Overcoming legal and regulatory challenges in Indonesia
The Government Regulation 24 (GR 24) of 2012 mandates foreign investors to divest 20% of shares in IUP holder firm within 5 years of production commencement, and a further 31% by the tenth year. This essentially means that from the tenth year onwards, a total of 51% of the firm shares must be held by Indonesian participants.
The new regulation also mandates that in the issuance process of shares, IUP holder firms are to offer shares to the respective stakeholders in the sequential order; the Central Government, Provincial & Regional Governments, State-owned/ Regional-owned enterprises, and lastly to national private business entities that are 100% owned by domestic investors. In addition, the ownership stake of Indonesian participants cannot be diluted by future capital raising initiatives. The new regulations apply to IUP holders, but are currently leaves out CoWs and CCoWs.

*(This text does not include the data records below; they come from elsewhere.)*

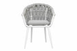 Silla de comedor modelo Viken. Estructura de aluminio color blanco y cuerda elástica en Olefina color gris claro. Cojín de asiento de 5cm color gris claro.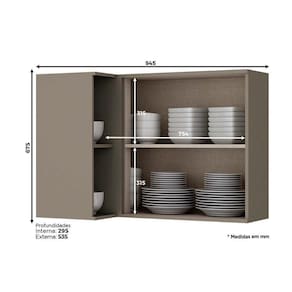 Armário Aéreo p/ Cozinha Canto Reto Connect c/ 1 Porta 95cm Duna/Cristal - Henn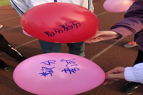第二个活动:七彩连环炮。大家将自己的烦恼写在吹好的气球上,并且踩破气球。该环节培养学生团结合作意识,踩破带有烦恼的气球的同时,既培养思考能力和实践能力,又有效的释放学生的心理压力。

A key implication of the Ministry of Energy & Mineral Resources Regulation 7 (MEMR 7) of 2012 is the banning of exports of unprocessed ore and minerals with effect from May 2012. Therefore, all IUP holders are obliged to engage in refining and processing of minerals mined in Indonesia. The Indonesian Government will enter into a ‘match-making’ process to pair up companies which produce minerals and local companies with excess capacity to process minerals. However, the new regulation does not apply to coal.
The new regulation hopes to safeguard the interest of the Indonesian society by restricting the outflow of financial gains from the mining industry overseas. With these revisions, foreign investors will have greater reservations about investing in Indonesia’s mining sector and have be more rigorous in their selection of a local partner.